Before I got married (and all right, after as well because I'm a sucker for a certain type of show) I watched a lot of Bridezillas and David Tutera and Rich Bride Poor Bride. My friend got me into Say Yes as well. I'm fully aware that Bridezillas isn't exactly the best example of what a bride or wedding is actually like, nor is David Tutera completely accurate because who has that kind of money, but I've come to the realization that I was a really weird bride.
First we had no budget - I don't mean that in the go-out-and-spend-as-much-as-you-want-sense - but that we had very little money so each month we were setting aside maybe 15 dollars. Other than my dress and his tux we spent about 100 dollars total. I used a David's Bridal credit card to buy my dress (totally paid off now, yay!) and a different credit card to buy his tux, which happened to be about 100 dollars.
Pretty right?
Should we have used credit cards? Nope. Did I? Yes. Feel guilty about it? Totally!
My handsome ring-bearers
Dollar store supplies turned into pretty awesome decor if I can toot my own skills with a hot glue gun. Anyone can follow Pinterest directions. I dyed the petals that needed thrown by my amazing flower girl, I made the vases for the sand ceremony, I put together all the favors (with the help of some AMAZING friends), I glittered my own high heels, and I didn't hire a wedding planner.

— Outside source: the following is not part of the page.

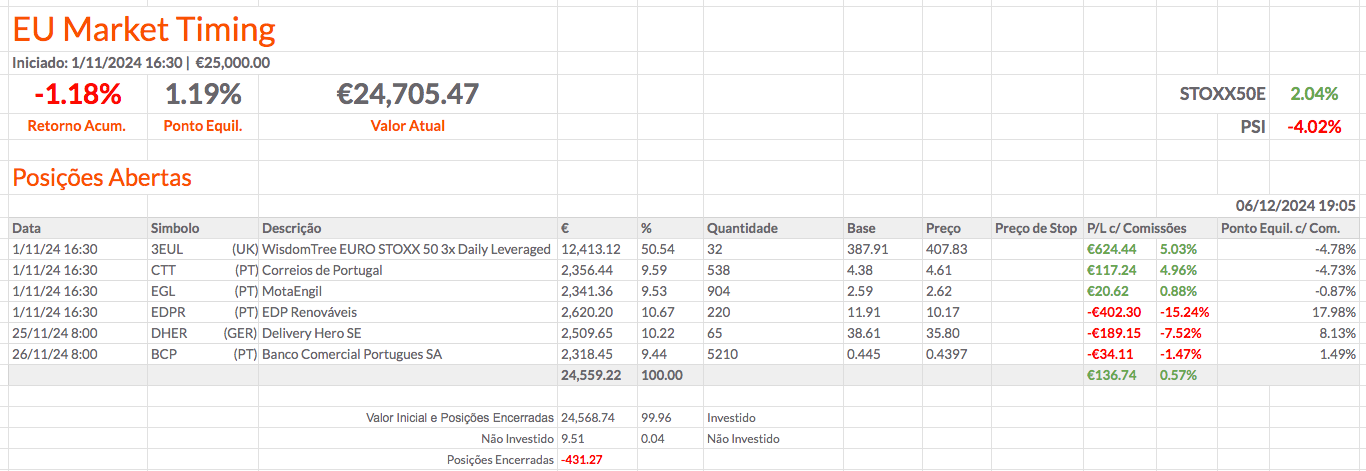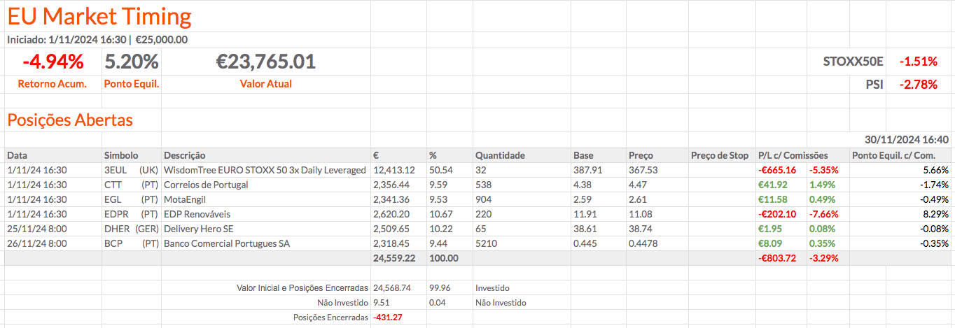 A carteira melhorou 0,60% em relação a 22/11/2024 (de -5,54% para -4,94%). Continua abaixo dos índices de referência, mas a diferença diminuiu 0,31% em relação ao STOXX50E e 0,46% em relação ao PSI. Em 22/11/2024, a carteira estava 3,74% abaixo do STOXX50E (STOXX50E: -1,80%) e 2,62% abaixo do PSI (PSI: -2,92%). Em 30/11/2024, a carteira está 3,43% abaixo do STOXX50E (STOXX50E: -1,51%) e 2,16% abaixo do PSI (PSI: -2,78%).

I got to the venue early, after being up all night doing favors and setting up what could be set up the night before, to finish putting everything together. A bridesmaid did our makeup, we were ready to go and only 2 minutes late getting started. I guess I have to be laid back to have 4 children in my wedding party :) (who did completely amazing for the record.)

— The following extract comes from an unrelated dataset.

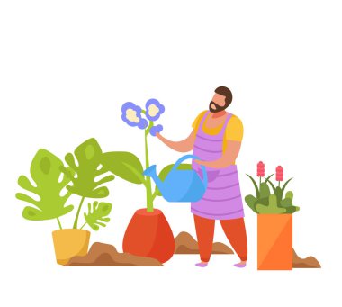 Çiftçi el arabasını bahçedeki saksıları taşımaya zorluyor.

I forgot the blue streak for my hair, I forgot to put my veil down for the walk up the aisle, I nearly tripped, and I wore blue ginormous granny panties under my dress - a gift from a friend (she thought I would return them, I told her they were going under my dress.)
We played a game during the reception where the party goers essentially got to choose who got cake shoved in their face at the end of the wedding. Of course my husband and I were a tie (I really tried to cheat) so I stuffed an apron down the front of my dress and shoved away.

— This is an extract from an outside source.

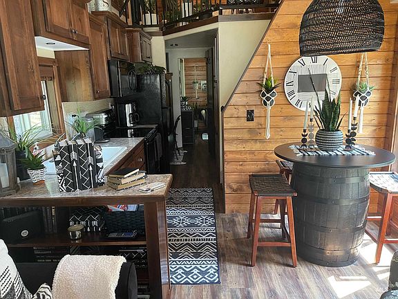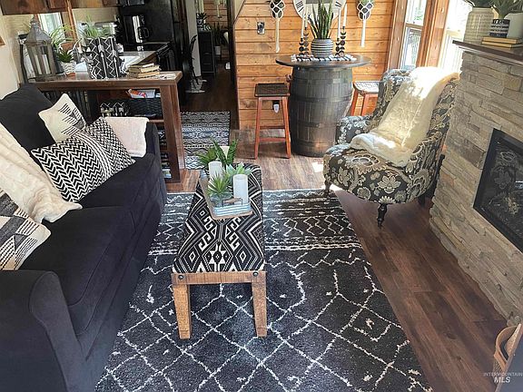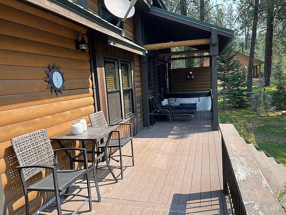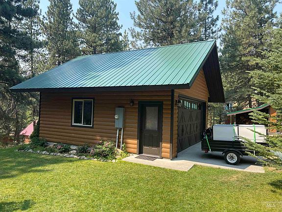 This is a unique property designed for a get-a-way mountain retreat. It is a 2016 Nashua mobile home (new in 2016) with a log siding structure built above and around it including a covered deck with a hot tub. There is a very nice loft area with a sleeping area.There are two storage sheds and two additional buildings with bunkbeds. One building has a bathroom. A beautiful fire pit and solidly built gazebo are situated in the grassy yard surrounded by trees. There is a detached two car garage and RV parking with a 30A service and access to the septic. the Southfork Boise is a five minute walk. All recreational opportunities right off this property including snowmobiling, hiking, fishing, hunting (area 43) and more. Roads to Atlanta, Rocky Bar, Baumgartner Hot Springs and Trinity Lakes are all close. Comfortable and efficient best describes this property.

We were super attractive at this point.
Once the wedding was over I stayed and helped put everything away. We didn't leave with everyone throwing rice (or whatever is politically correct these days), we stayed until everything was exactly as it was before we got there.
I wouldn't change any of that for anything. I think that makes me an all right person.
Me showing him how I forgot my veil, Lindzy exasperated the kids "wouldn't listen".